### Directions
Everything in the listing below should be repeated exactly, apart from the pictures.

### Dataset entries
********************
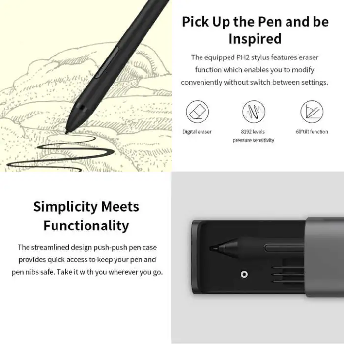 The battery-free stylus supports 8192 levels of pressure sensitivity for precise line weight and opacity control.
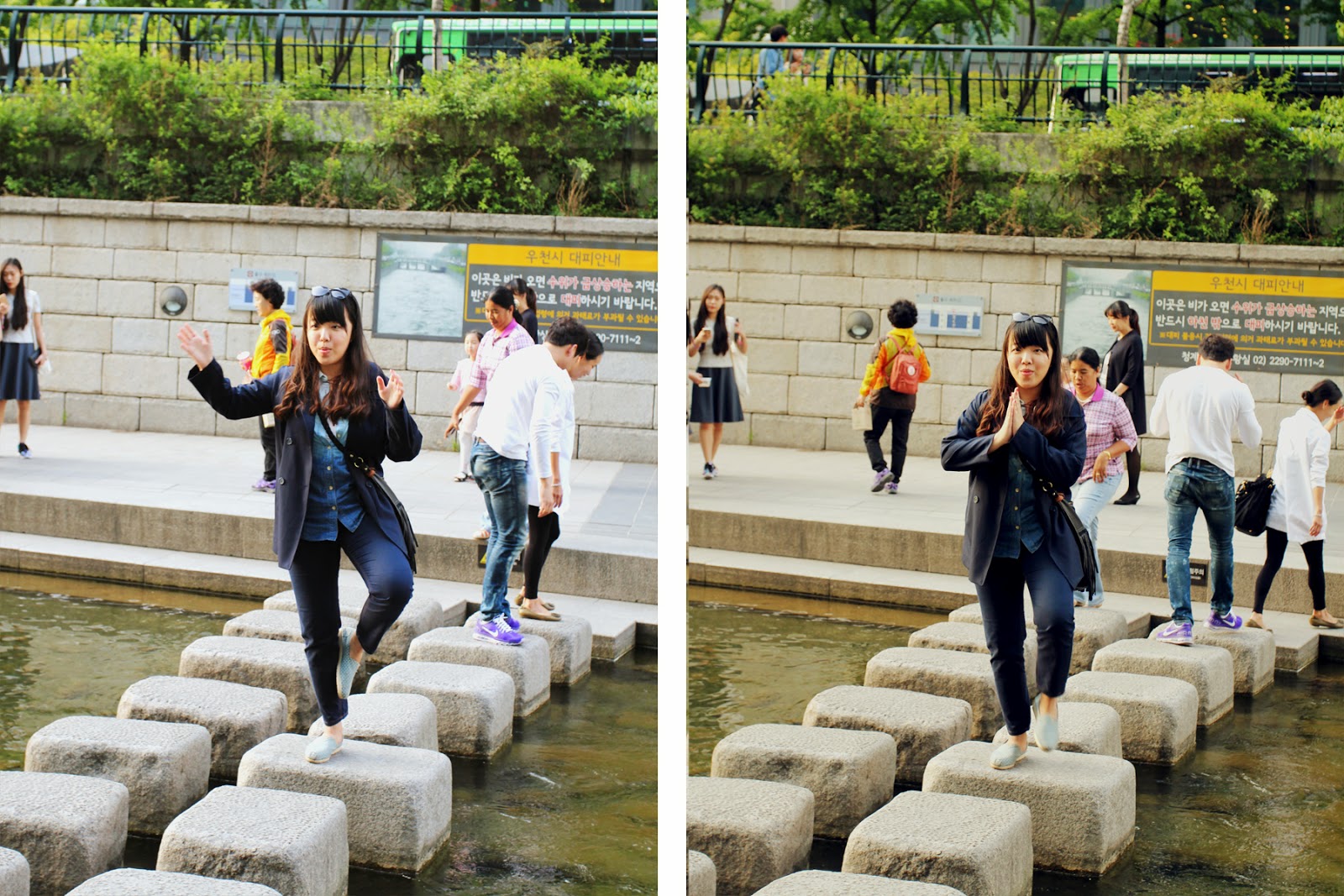 Before I went there, I told myself, "The best place to do that standing yoga stance is on the stepping stones at Cheonggyechon!" Like seriously, this standing yoga pose is kind of like my standard pose when I go travelling. I MUST DO IT EVERYTIME I SEE BIG STONES AND ROCKS. #quirky
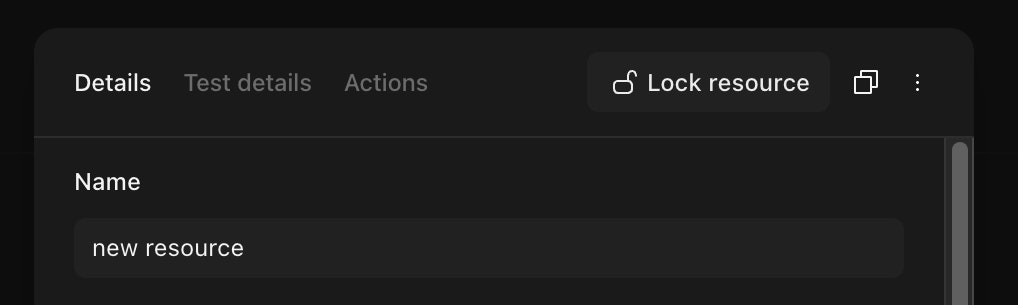 A resource can be locked by clicking the Lock resource button on the top-right of the resource modal.
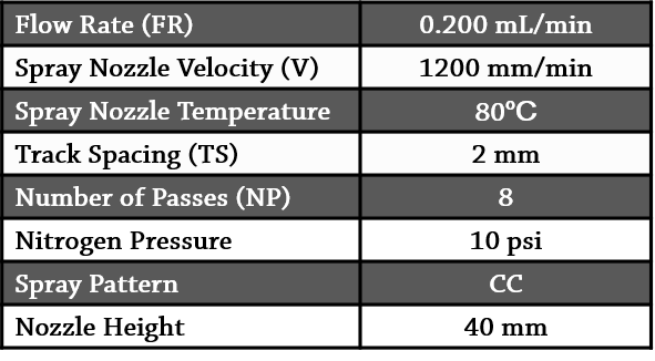 Table 1. Spray parameters for the in vitro grown biofilms.
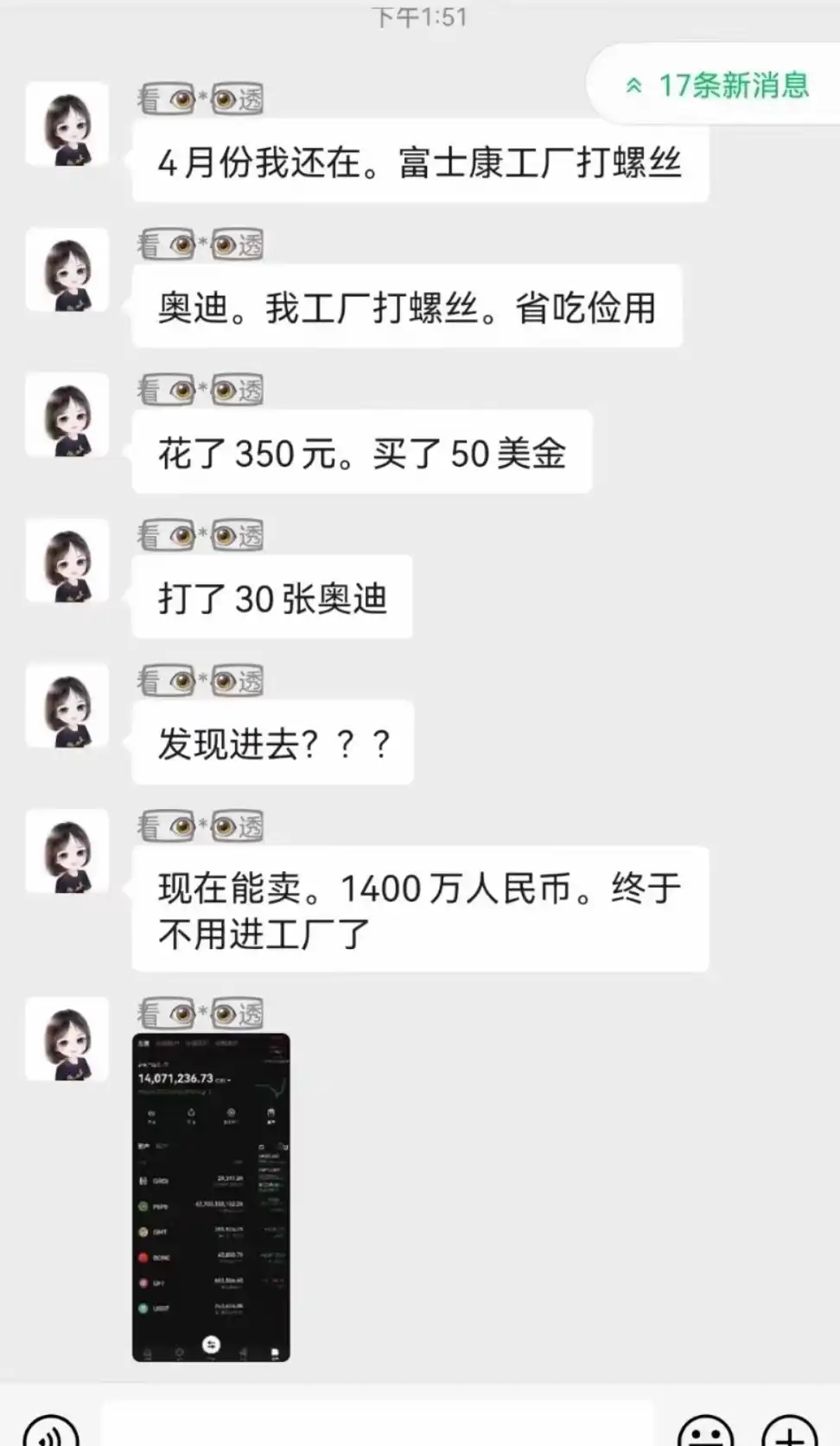 而其中就有一位幸运儿,「富士康打螺丝」省吃俭用,花 350 元打了 30 张 ORDI(也即 3 万枚 ORDI),最终成功变为 1400 万元。
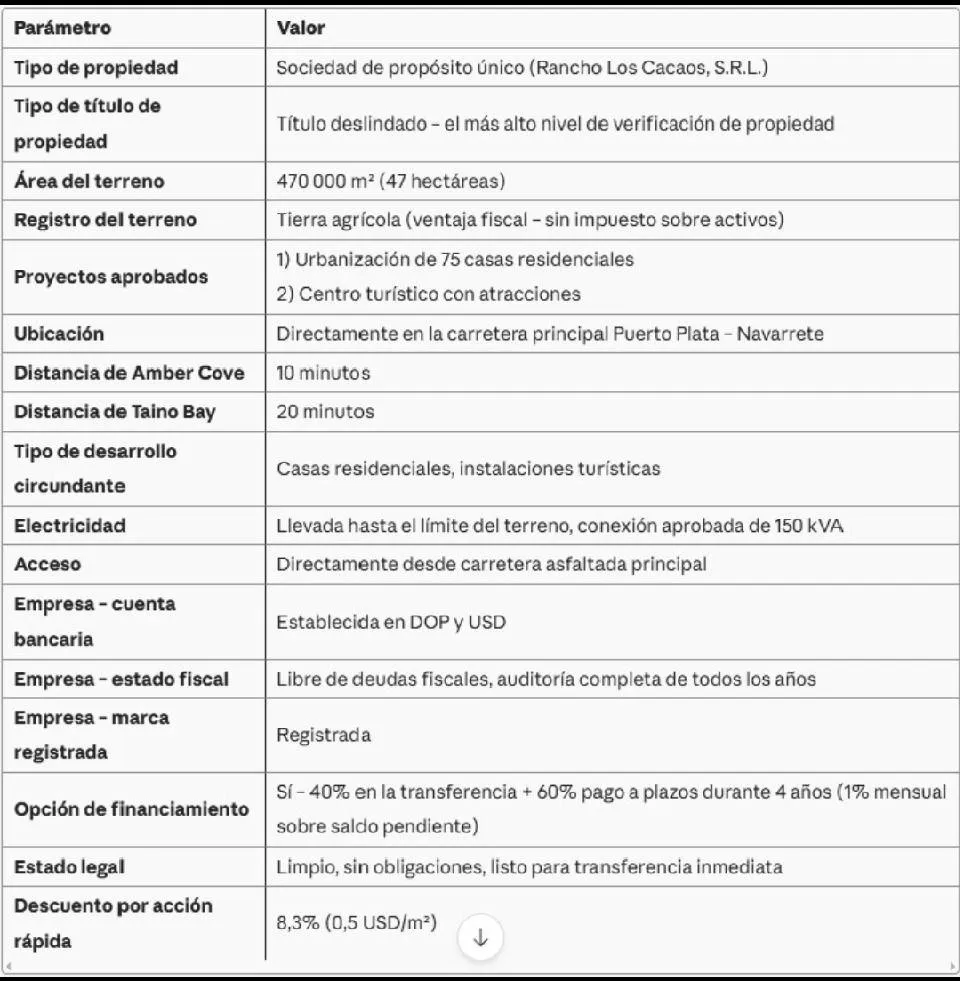 El terreno está registrado como suelo agrícola con ventaja fiscal: sin impuesto sobre activos. El acceso es directo desde la carretera principal Puerto Plata – Navarrete, lo que garantiza excelente conectividad y visibilidad. La electricidad llega hasta el límite de la parcela, con un proyecto aprobado de conexión de 150 kVA.
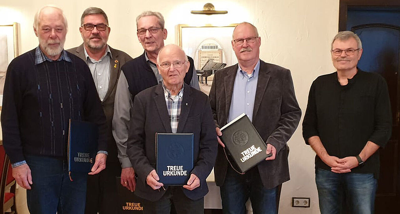 Mit Urkunden: Die langjährigen DBwV-Mitglieder in Rheine. Foto: Heide Wendland
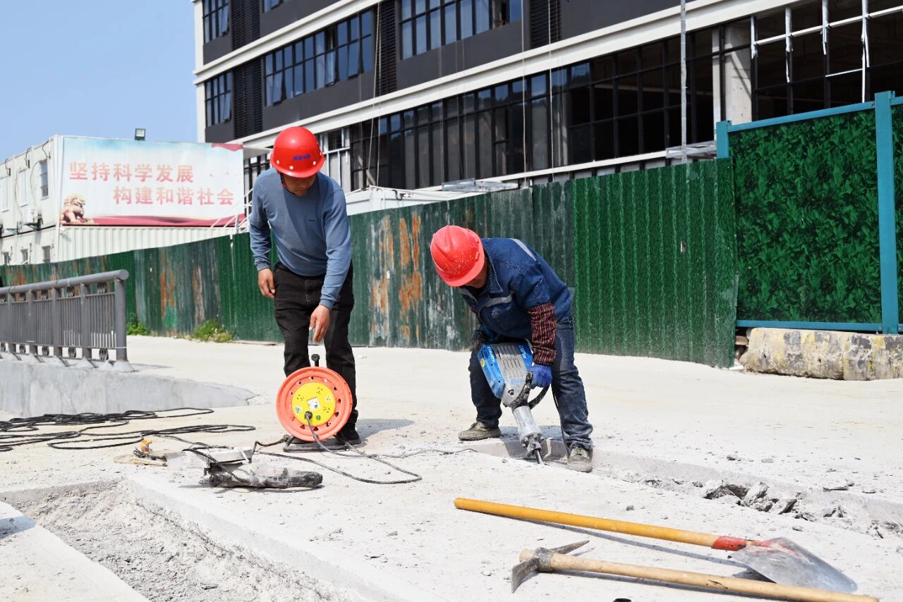 现场呈现一派繁忙有序的施工景象
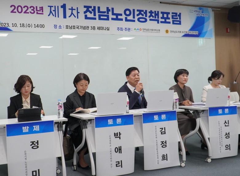 전라남도의회 보건복지환경위원회(위원장 최선국)와 전라남도사회서비스원(원장 강성휘)이 공동으로 주최한 이날 포럼은 초고령사회 대응 관련 기조강연과 주제발표, 지정토론 순으로 진행됐다.
********************
### Response below
 The battery-free stylus supports 8192 levels of pressure sensitivity for precise line weight and opacity control.
 Before I went there, I told myself, "The best place to do that standing yoga stance is on the stepping stones at Cheonggyechon!" Like seriously, this standing yoga pose is kind of like my standard pose when I go travelling. I MUST DO IT EVERYTIME I SEE BIG STONES AND ROCKS. #quirky
 A resource can be locked by clicking the Lock resource button on the top-right of the resource modal.
 Table 1. Spray parameters for the in vitro grown biofilms.
 而其中就有一位幸运儿,「富士康打螺丝」省吃俭用,花 350 元打了 30 张 ORDI(也即 3 万枚 ORDI),最终成功变为 1400 万元。
 El terreno está registrado como suelo agrícola con ventaja fiscal: sin impuesto sobre activos. El acceso es directo desde la carretera principal Puerto Plata – Navarrete, lo que garantiza excelente conectividad y visibilidad. La electricidad llega hasta el límite de la parcela, con un proyecto aprobado de conexión de 150 kVA.
 Mit Urkunden: Die langjährigen DBwV-Mitglieder in Rheine. Foto: Heide Wendland
 现场呈现一派繁忙有序的施工景象
 전라남도의회 보건복지환경위원회(위원장 최선국)와 전라남도사회서비스원(원장 강성휘)이 공동으로 주최한 이날 포럼은 초고령사회 대응 관련 기조강연과 주제발표, 지정토론 순으로 진행됐다.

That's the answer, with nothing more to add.